I convinced my friends to fly to Vancouver with me. It's $160 roundtrip from the seaplanes that take off outside my window all day long. But one of my friends lost his passport and his license. So guess what we did instead? Yep, that's right. We changed it up and stayed at the same bar and drank more. Don't ever call us predictable!

It was around 24 hours of drinking that one of my friends started suggesting, um, female entertainment. I think strip clubs are a waste of money and are for bachelor parties only, but I had to admit, it sounded like fun. Alas, it fell through when none of us wanted to pay for it.

One of my friends passed out on my couch and the rest of us went to The Bar. The bartender asked what I've been up to, and I launched into my story, "I woke up drunk, then started drinking, blah, blah, blah" and he cut me off by saying, "You don't tell your bartender stories like that." Heh, heh, yeah, I suppose not.

We ran into a friend of ours at The Bar. He had what he called "legal pot". I forget the real name of this stuff, but I've seen it around before. It is indeed legal and people smoke it, but it's not much like pot.

Let me just say, if you're going to do this, sit down first, and be prepared to roll around and laugh uncontrollably for about 15 minutes. Don't fight it and don't even try to get up and walk around. This is not something to do in public, but otherwise it seems as harmless as smoking something can be.

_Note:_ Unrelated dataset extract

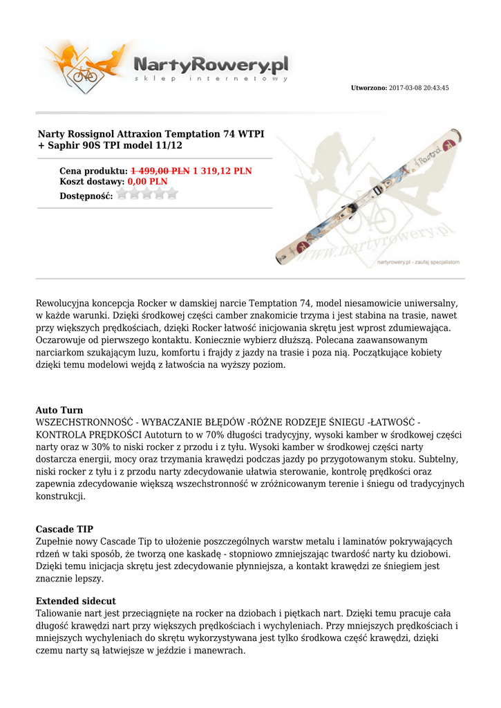 Utworzono: 2017-03-08 20:43:45 Narty Rossignol Attraxion Temptation 74 WTPI + Saphir 90S TPI model 11/12 Cena produktu: 1 499,00 PLN 1 319,12 PLN Koszt dostawy: 0,00 PLN Dostępność: Rewolucyjna koncepcja Rocker w damskiej narcie Temptation 74, model niesamowicie uniwersalny, w każde warunki. Dzięki środkowej części camber znakomicie trzyma i jest stabina na trasie, nawet przy większych prędkościach, dzięki Rocker łatwość inicjowania skrętu jest wprost zdumiewająca. Oczarowuje od pierwszego kontaktu. Koniecznie wybierz dłuższą. Polecana zaawansowanym narciarkom szukającym luzu, komfortu i frajdy z jazdy na trasie i poza nią. Początkujące kobiety dzięki temu modelowi wejdą z łatwościa na wyższy poziom. Auto Turn WSZECHSTRONNOŚĆ - WYBACZANIE BŁĘDÓW -RÓŻNE RODZEJE ŚNIEGU -ŁATWOŚĆ KONTROLA PRĘDKOŚCI Autoturn to w 70% długości tradycyjny, wysoki kamber w środkowej części narty oraz w 30% to niski rocker z przodu i z tyłu. Wysoki kamber w środkowej części narty dostarcza energii, mocy oraz trzymania krawędzi podczas jazdy po przygotowanym stoku. Subtelny, niski rocker z tyłu i z przodu narty zdecydowanie ułatwia sterowanie, kontrolę prędkości oraz zapewnia zdecydowanie większą wszechstronność w zróżnicowanym terenie i śniegu od tradycyjnych konstrukcji. Cascade TIP Zupełnie nowy Cascade Tip to ułożenie poszczególnych warstw metalu i laminatów pokrywających rdzeń w taki sposób, że tworzą one kaskadę - stopniowo zmniejszając twardość narty ku dziobowi. Dzięki temu inicjacja skrętu jest zdecydowanie płynniejsza, a kontakt krawędzi ze śniegiem jest znacznie lepszy. Extended sidecut Taliowanie nart jest przeciągnięte na rocker na dziobach i piętkach nart. Dzięki temu pracuje cała długość krawędzi nart przy większych prędkościach i wychyleniach. Przy mniejszych prędkościach i mniejszych wychyleniach do skrętu wykorzystywana jest tylko środkowa część krawędzi, dzięki czemu narty są łatwiejsze w jeździe i manewrach. Power RAMP Power ramp została specjalnie opracowana, aby w pełni dostoswać nartę do potrzeb kobiety. Jest to specjalna powierzchnia podnosząca pięty. Służy do przystosowania narty do obniżonego środka ciężkości kobiecego ciała. Women TPI2 Wszystkie systemy używane w nartach dla kobiet są specjalnie zaprojektowane, aby ułatwić jazdę płci pięknej. Wiązanie Saphir jest najlżejszym wiązaniem na rynku. Women Twin Pulsion Integral (WTPi2): System pozwalający na założenie i ustawienie wiązań bez użycia narzędzi. Paleta połączona z Twin VAS (tłumik drgań z materiału wiskoelastycznego) tłumi drgania i rozkłada nacisk na całą nartę tak, aby jazda była płynniejsza. W sezonie 2011/2012 firma Rossignol podzieliła swoje narty na cztery grupy ze względu na występowanie tzw. Rockera, te grupy to: - Power Turn Camber - Rocker nie występuje, - Auto Turn Rocker - 30 % udział Rockera tzw. Low Rocker - Powder Turn Rocker - 50 % udział Rockera tzw. High Rocker - Spin Turn Rocker - 100 % udział Rockera tzw. Full Rocker Czym jest technologia Rocker? Jest to konstrukcja, która została zapoczątkowana w surfingu, a następnie została wykorzystana w snowboardzie. Technologia Rocker polega na wygięciu narty w górę na dłuższym odcinku niż czuby w klasycznych nartach. Dzięki temu następuje znaczne skrócenie aktywnej krawędzico ułatwia inicjację skrętui powoduje, że zmiana krawędzi jest szybsza i bardziej płynna. Narty tego typu znacznie lepiej zachowują się na głębokim, sypkim i miękkim śniegu przy czym zachowują stabilność i precyzję linii w jeździe typowo carvingowej. W porównaniu z tradycyjnymi carvingami, narty o profilu Rocker są bardziej przyjazne oraz wybaczają więcej błędów. Jest to sprzęt idealny dla początkujących i średnio zaawansowanych narciarzy. Niestety na sprzęcie o profilu Rocker nie można uprawiać konkurencji alpejskich, funcarvingu czy racecarvingu. Na utwardzonych stokach narty Rocker nie nadają się do sportowej jazdy. Płeć Zaawansowanie Damskie Amatorskie, Średniozaawansowane Rdzeń FIBERGLASS WOOD Kształt b.d. Kolekcja Producent Taliowanie (mm) Długości zima 2011/12 Rossignol 120-74-110 136 cm, 146 cm, 156 cm, 166 cm Promień skrętu (m) b.d. Struktura b.d. Wiązanie SAPHIR 90S TPI² Adres: http://nartyrowery.pl/ Telefon: 34 365 66 09 Email: [email protected] Gadu-Gadu: Skype:

That takes me to late late Sunday night, around 4am Monday. The same guy was still passed out on the couch. I went to bed. I got up around 10am or so and drove to Bellingham to see my cousin who I haven't seen in about 15 years. I ate a steak. The end.

How was your weekend?

6 Comments:

At 11/7/06 13:30, Anonymous Anonymous said...

Salvia divinorum! I love it I love it I love it! When we were in Alaska we called it crack, like, hey Dave, can you pass me the crack? It's like smoking nitrous. Anytime you need a partner you let me know, mmmkay?

Come to think of it, we almost bought some at Pike's Place that one time, but it was really expensive.

 
At 11/7/06 18:05, Blogger RWBB said...

If I had known, I would have bought it. I went back there and looked for it again, but it's gone.

When's your next time off?

 
At 12/7/06 10:34, Anonymous Anonymous said...

After August 11

 
At 12/7/06 10:51, Blogger RWBB said...

That's when I get back from Canada.

 
At 12/7/06 11:53, Blogger RWBB said...

I got the steak here in Seattle, at the Rock Salt Steak and Seafood place. I screwed up the days and thought I was staying for a night, but really I just visited for a few hours.

The steak was good, but I can cook a better steak on my own.

 
At 13/7/06 20:41, Blogger RWBB said...

Never heard of it, but I'll put it on the short list! What do you like there?